Merge pull request #2842 from testssl/opossum

drwetter · web-flow · commit e2f08a019a69 · 2025-07-12T22:41:20.000+02:00
Redo PR for Opossum , see #2838
diff --git a/CHANGELOG.md b/CHANGELOG.md
@@ -5,6 +5,7 @@
 
 * QUIC protocol check
 * bump SSLlabs rating guide to 2009r
+* Check for Opossum vulnerability
 
 ### Features implemented / improvements in 3.2
 
diff --git a/doc/testssl.1 b/doc/testssl.1
@@ -659,6 +659,9 @@ variable \f[CR]CCS_MAX_WAITSOCK\f[R].
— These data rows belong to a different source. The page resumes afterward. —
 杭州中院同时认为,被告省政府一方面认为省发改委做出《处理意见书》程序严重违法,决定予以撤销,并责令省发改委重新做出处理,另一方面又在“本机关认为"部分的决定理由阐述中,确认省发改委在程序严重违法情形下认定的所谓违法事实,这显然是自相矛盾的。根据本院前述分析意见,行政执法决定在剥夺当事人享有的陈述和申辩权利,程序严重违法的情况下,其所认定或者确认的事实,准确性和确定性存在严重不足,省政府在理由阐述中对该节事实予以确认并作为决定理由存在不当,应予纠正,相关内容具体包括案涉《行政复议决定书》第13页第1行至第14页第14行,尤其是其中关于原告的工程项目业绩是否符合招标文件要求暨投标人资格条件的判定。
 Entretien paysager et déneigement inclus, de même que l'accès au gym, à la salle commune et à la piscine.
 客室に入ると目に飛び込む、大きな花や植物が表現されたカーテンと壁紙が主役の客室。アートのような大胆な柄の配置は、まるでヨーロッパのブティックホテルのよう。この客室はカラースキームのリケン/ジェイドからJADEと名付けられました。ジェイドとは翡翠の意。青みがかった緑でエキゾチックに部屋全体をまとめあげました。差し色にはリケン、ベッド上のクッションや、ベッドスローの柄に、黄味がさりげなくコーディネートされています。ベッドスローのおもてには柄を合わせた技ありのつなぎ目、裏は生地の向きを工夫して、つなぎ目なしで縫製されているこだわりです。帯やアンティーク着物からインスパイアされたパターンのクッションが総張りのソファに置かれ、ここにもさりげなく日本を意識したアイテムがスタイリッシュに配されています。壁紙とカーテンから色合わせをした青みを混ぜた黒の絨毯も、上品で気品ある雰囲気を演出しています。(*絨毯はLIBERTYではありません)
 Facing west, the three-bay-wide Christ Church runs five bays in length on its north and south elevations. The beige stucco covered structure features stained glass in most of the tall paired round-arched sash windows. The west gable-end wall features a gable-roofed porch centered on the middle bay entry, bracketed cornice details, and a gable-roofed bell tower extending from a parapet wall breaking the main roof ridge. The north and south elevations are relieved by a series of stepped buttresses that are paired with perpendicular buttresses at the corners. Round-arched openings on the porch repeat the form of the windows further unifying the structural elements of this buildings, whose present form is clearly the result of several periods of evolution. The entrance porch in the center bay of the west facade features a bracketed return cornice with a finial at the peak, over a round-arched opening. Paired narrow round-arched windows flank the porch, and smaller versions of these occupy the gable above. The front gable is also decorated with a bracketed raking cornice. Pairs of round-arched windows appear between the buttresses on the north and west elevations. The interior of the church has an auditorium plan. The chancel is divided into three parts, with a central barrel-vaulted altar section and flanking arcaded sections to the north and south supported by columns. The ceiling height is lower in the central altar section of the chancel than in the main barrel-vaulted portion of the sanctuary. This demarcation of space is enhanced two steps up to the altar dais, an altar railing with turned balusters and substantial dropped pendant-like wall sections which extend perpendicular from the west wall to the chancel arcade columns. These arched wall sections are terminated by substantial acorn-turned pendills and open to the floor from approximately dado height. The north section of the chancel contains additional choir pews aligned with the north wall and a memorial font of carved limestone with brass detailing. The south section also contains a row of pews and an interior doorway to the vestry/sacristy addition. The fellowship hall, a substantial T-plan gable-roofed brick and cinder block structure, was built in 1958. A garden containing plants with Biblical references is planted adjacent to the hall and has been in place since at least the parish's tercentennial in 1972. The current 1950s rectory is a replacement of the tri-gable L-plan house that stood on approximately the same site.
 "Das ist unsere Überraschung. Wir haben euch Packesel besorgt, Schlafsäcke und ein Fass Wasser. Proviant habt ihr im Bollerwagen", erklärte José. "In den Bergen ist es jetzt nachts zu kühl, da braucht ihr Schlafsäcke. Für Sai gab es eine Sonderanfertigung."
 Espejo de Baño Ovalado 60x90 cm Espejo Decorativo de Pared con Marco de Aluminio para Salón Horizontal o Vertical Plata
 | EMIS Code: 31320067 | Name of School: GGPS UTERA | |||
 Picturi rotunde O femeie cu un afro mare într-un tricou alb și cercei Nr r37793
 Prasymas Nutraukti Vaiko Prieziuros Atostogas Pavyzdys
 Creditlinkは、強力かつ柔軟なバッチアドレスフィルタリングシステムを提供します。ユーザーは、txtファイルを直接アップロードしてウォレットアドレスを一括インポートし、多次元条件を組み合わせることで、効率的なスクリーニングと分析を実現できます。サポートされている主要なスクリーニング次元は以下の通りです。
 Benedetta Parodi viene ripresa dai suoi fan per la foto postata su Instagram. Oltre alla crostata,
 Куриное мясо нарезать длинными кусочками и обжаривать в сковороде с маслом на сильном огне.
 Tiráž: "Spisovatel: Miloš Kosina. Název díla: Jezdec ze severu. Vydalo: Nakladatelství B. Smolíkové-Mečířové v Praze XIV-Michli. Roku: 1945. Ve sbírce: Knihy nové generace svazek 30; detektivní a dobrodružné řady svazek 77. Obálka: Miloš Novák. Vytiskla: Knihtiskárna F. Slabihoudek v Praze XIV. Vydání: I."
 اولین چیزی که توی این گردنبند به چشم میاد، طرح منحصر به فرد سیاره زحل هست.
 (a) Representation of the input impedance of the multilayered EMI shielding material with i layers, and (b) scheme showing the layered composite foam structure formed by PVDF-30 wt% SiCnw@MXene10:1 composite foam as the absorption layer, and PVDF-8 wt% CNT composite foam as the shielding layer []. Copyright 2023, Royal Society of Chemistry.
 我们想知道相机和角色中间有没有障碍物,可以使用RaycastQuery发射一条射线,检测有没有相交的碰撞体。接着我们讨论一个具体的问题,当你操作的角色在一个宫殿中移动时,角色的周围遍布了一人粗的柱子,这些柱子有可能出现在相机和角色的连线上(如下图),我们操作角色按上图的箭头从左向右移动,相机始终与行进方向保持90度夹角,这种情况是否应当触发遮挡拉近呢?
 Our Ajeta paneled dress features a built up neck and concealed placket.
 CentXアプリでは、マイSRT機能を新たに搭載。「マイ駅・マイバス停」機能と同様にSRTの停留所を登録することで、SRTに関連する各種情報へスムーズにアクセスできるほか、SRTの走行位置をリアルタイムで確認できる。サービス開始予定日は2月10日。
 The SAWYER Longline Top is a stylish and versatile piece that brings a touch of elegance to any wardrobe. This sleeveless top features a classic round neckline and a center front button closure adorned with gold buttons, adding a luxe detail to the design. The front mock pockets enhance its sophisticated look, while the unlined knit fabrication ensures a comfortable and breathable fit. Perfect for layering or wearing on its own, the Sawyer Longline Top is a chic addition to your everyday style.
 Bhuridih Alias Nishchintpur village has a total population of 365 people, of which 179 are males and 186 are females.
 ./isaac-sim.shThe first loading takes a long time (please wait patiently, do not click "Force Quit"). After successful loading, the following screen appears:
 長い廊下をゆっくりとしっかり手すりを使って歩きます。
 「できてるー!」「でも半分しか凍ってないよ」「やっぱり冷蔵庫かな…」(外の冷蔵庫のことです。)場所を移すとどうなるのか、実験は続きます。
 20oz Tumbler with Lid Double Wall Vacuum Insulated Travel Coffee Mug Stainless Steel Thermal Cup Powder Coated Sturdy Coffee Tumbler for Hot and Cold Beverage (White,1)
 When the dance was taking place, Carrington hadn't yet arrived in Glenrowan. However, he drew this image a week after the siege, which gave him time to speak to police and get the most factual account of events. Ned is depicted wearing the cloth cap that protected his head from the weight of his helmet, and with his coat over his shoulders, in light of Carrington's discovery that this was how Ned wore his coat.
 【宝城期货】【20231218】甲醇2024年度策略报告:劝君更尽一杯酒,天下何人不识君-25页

 \f[CR]\-T, \-\-ticketbleed\f[R] Checks for Ticketbleed memory leakage in
 BigIP loadbalancers.
 .PP
+\f[CR]\-\-OP, \-\-opossum\f[R] Checks for HTTP to HTTPS upgrade
+vulnerability named Opossum.
+.PP
 \f[CR]\-\-BB, \-\-robot\f[R] Checks for vulnerability to ROBOT /
 (\f[I]Return Of Bleichenbacher\[cq]s Oracle Threat\f[R]) attack.
 .PP
@@ -1312,6 +1315,8 @@ RFC 2246: The TLS Protocol Version 1.0
 .IP \[bu] 2
 RFC 2595: Using TLS with IMAP, POP3 and ACAP
 .IP \[bu] 2
+RFC 2817: Upgrading to TLS Within HTTP/1.1
+.IP \[bu] 2
 RFC 2818: HTTP Over TLS
 .IP \[bu] 2
 RFC 2830: Lightweight Directory Access Protocol (v3): Extension for
diff --git a/doc/testssl.1.html b/doc/testssl.1.html
@@ -590,6 +590,8 @@ <h3 id="vulnerabilities">VULNERABILITIES</h3>
         <code>CCS_MAX_WAITSOCK</code>.</p>
         <p><code>-T, --ticketbleed</code> Checks for Ticketbleed memory
         leakage in BigIP loadbalancers.</p>
+        <p><code>--OP, --opossum</code> Checks for HTTP to HTTPS upgrade
+        vulnerability named Opossum.</p>
         <p><code>--BB, --robot</code> Checks for vulnerability to ROBOT
         / (<em>Return Of Bleichenbacher’s Oracle Threat</em>)
         attack.</p>
@@ -1131,6 +1133,7 @@ <h2 id="rfcs-and-other-standards">RFCs and other standards</h2>
         <ul>
         <li>RFC 2246: The TLS Protocol Version 1.0</li>
         <li>RFC 2595: Using TLS with IMAP, POP3 and ACAP</li>
+        <li>RFC 2817: Upgrading to TLS Within HTTP/1.1</li>
         <li>RFC 2818: HTTP Over TLS</li>
         <li>RFC 2830: Lightweight Directory Access Protocol (v3):
         Extension for Transport Layer Security</li>
diff --git a/doc/testssl.1.md b/doc/testssl.1.md
@@ -236,9 +236,11 @@ Also for multiple server certificates are being checked for as well as for the c
 
 `-T, --ticketbleed`             Checks for Ticketbleed memory leakage in BigIP loadbalancers.
 
-`--BB, --robot`          Checks for vulnerability to ROBOT / (*Return Of Bleichenbacher's Oracle Threat*) attack.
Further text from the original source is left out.